Friday, December 7, 2007

Precious Moments

I love those moments when I am staring at Addison and my heart fills with this overwhelming love.

I love watching her sleep. Every now and then, while she is sleeping, she smiles. She looks so peaceful and happy. I watch as her chest goes up and down with each breath. She is so beautiful and perfect in these moments.

I love it when she makes new sounds or when she does something that surprises me. Pride wells up in me and I just want to share with the world the wonderful things Addison is doing.

I love it when she looks in my eyes and smiles, because she knows who I am.

I love it when I am holding her and she buries her face in my shoulder.

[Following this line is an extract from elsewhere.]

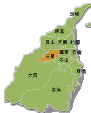
圖一、宜蘭縣行政區---三星鄉

因為三星鄉是蘭陽平原與山地及河川的交匯點，也是平原地勢最高的地方，在這種自然地形及環境的影響下，早期的三星鄉為河川氾濫的地方，整片土地被呈網狀四散流的蘭陽溪所覆蓋，形成一個大「溪埔」，其洪水頻仍是其特徵，而早期前來拓墾的人，即在網狀散流的河道中，選擇積沙成洲的土地上進行引水灌溉、種植稻米、花生及甘蔗的工作，也因此自來即是山地原住民與平原居民貿易來往的地方，同時也是族群和文化衝突與交流的重要地點，加上戰後前來此地拓墾土地的人民，三星鄉自古以來即是多族群多衝突的地方，而其文化的痕跡也處處可見，在宜蘭是別具一格的。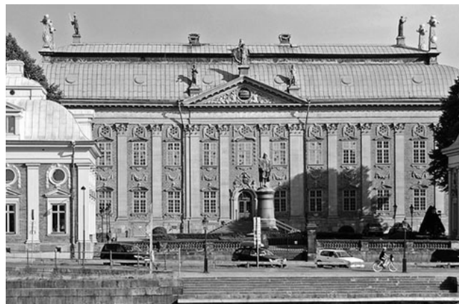
Riddarhuset i Stockholm.

Detaljerade uppgifter kring program, boende med mera kommer i samband med årsmötet i höst. Men skriv redan nu in datumen i kalendern: 1-3 september 2017.

I love watching her grow and change each day, as she discovers the world around her.

I love daydreaming about her future and the things we will do together.

When I am at my worst and feel completely horrible, I look at Addison and she makes me feel hopefully and full of love. I thank God for blessing us with Addison!

Thursday, November 8, 2007

Dispite My Best Efforts

The past week and a half I have been working on a project that should have been really simple. The project was not my idea, but I thought that I would enjoy doing it and it would provide a service to a group of people I enjoy working with. Little did I know that this supposedly easy project would turn into craziness. The problem started when I decided to ask some questions. There were a few things that were uncertain and I felt that it would be better to make sure we were doing things right, instead of finding out later that we did things wrong. So I called and asked my "should have been easy to answer" questions, but one person told me one thing and then sent me to another person who told me something different, who then sent me to another person. In the end I ended up talking with 5 different people at this one company. The last two people I talked to were the most helpful. Joyce (the second to last person) was very honest with me and said that she did not know the answers to my questions, but she knew who would and she was going to get the answers for me. The last person I talked with, Todd, was extremely helpful and answered all my questions. The problem is that it took 5 people (including Todd) and almost two weeks to get to were I am now. Another problem, and probably the one that bothers me the most, is that during this process of trying to find the answers to my questions, I annoyed and bothered the people I was trying to provide the service to. Now there was a way to find out my answers in an easier method, but that method just happen to be home with a newborn. Since I just had a baby myself, I understand that she is busy and very tired and the last thing she would want to be bothered with is my questions. So I do take responsibility for the fact that I might have taken the harder route to find my answers, but you would think that a company would be able to answer questions about its own products.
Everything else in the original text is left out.